Some phishing scammers are skipping the tough work of building realistic-looking Web sites, a security firm said Monday, and are instead taking advantage of an old vulnerability to put forms soliciting confidential data right in their spammed messages.
According to the U.K.-based Internet security and research firm Netcraft, the HTML mail masquerades as a security verification message from PayPal, and asks the recipient to fill out an HTML form that includes fields for credit card account number, Social Security number, and mother's maiden name. "Completing all of the checklist items will automatically restore your account access," the message says.
The mail, of course, is bogus, and the form results are instead mailed to a Yahoo account using a CGI script hosted by a Brazilian hosting service.

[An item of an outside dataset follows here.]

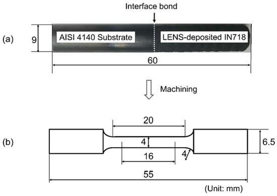 LENS of IN718 has been studied by researchers to investigate its microstructure and mechanical properties [15,16,17]. However, to date there has been no available research on LENS-deposited IN718 powders on AISI 4140 alloy steel substrates in the literature. No published literature was available on the interface bond and mechanical properties of a hybrid part which is made up of half-deposited material and half-substrate material. Joining two dissimilar materials with a good interfacial bond is critical to ensure the overall performance of the whole part, since low bond strength may lead to failure resulting from the coating peeling off, cracking, or corrosion along the interface [5]. The coated or repaired material will be functional only when the interface between the coating and the substrate is durable and strong [18].

"Phishing typically collects data through a site that imitates a bank or online retailer. By including the data collector in an HTML e-mail, the new attack eliminates a step in the process, allowing phishing scams to steal sensitive information without constructing an elaborate fraudulent Web site," said Netcraft in an advisory.
The ploy takes advantage of a known vulnerability in Formmail, a form-to-mail Perl script that was maliciously used in 2001 to generate huge quantities of anonymous spam. Most hosting vendors have since replaced the original with customized versions, or substituted secure scripts like the NMS Project, said Netcraft.
Apparently, the Brazilian host used by these phishers is an exception.